INFORMATION PROVIDED: Begin

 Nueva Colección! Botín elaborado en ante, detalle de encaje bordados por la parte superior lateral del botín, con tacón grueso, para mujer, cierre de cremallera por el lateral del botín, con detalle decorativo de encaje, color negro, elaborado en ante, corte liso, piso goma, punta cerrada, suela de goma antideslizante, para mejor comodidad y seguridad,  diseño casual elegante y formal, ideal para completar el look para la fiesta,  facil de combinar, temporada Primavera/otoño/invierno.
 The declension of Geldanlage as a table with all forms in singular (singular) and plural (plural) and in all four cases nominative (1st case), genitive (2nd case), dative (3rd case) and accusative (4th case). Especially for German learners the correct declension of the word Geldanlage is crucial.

INFORMATION PROVIDED: End
INFORMATION PROVIDED: Begin

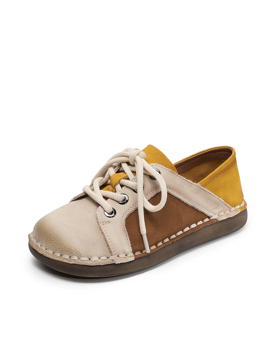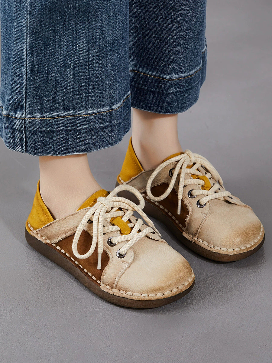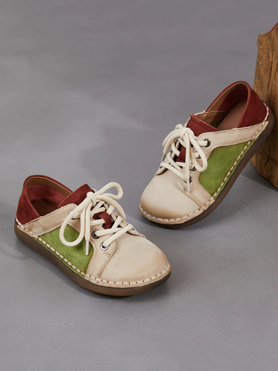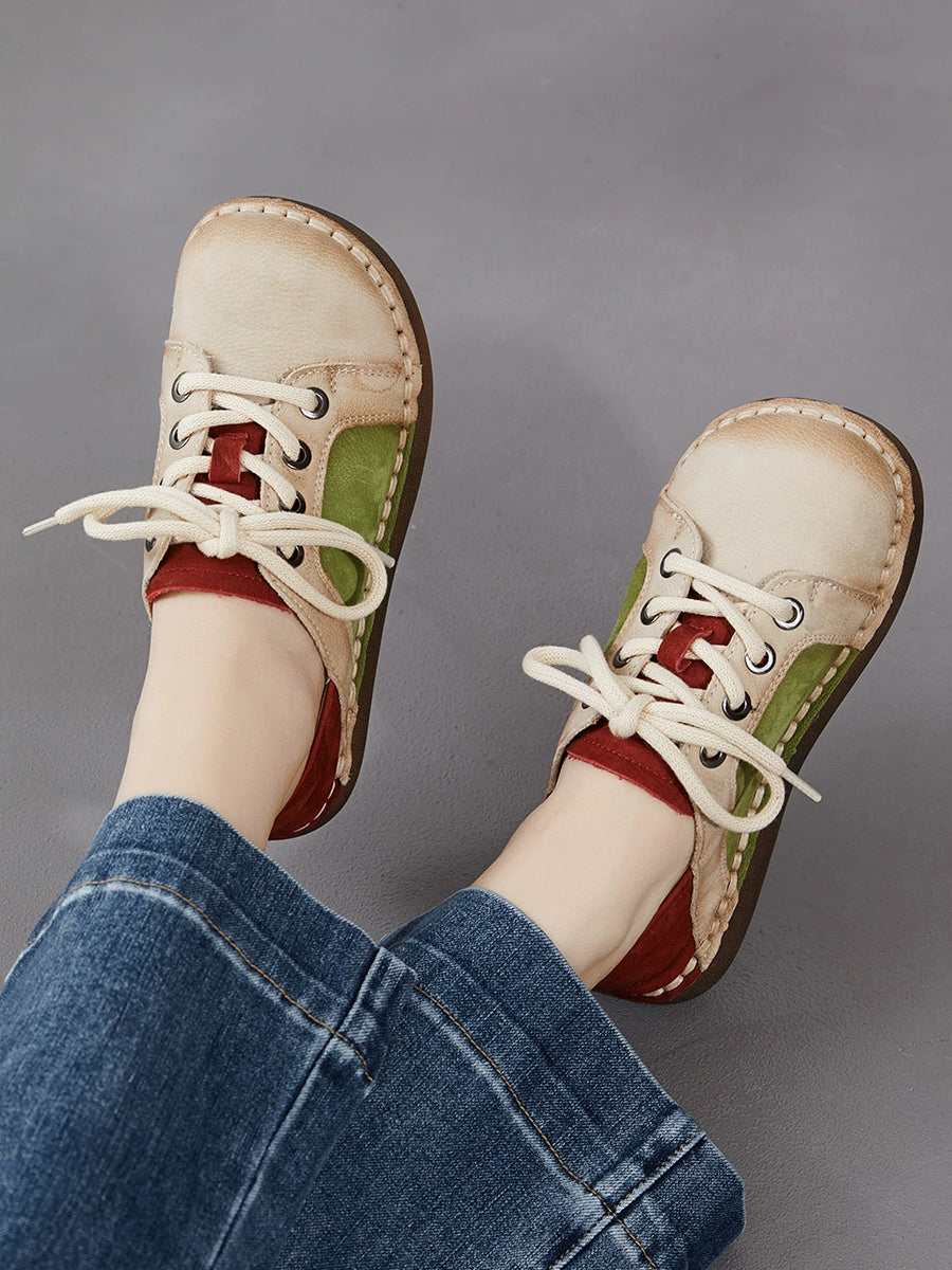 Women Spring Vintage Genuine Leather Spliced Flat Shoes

INFORMATION PROVIDED: End

From the material above, retype precisely the lines between the line holding "Nueva Colección! Botín" and the line holding "The declension of", inclusive, and nothing beyond them.

YOUR SOLUTION:
 Nueva Colección! Botín elaborado en ante, detalle de encaje bordados por la parte superior lateral del botín, con tacón grueso, para mujer, cierre de cremallera por el lateral del botín, con detalle decorativo de encaje, color negro, elaborado en ante, corte liso, piso goma, punta cerrada, suela de goma antideslizante, para mejor comodidad y seguridad,  diseño casual elegante y formal, ideal para completar el look para la fiesta,  facil de combinar, temporada Primavera/otoño/invierno.
 The declension of Geldanlage as a table with all forms in singular (singular) and plural (plural) and in all four cases nominative (1st case), genitive (2nd case), dative (3rd case) and accusative (4th case). Especially for German learners the correct declension of the word Geldanlage is crucial.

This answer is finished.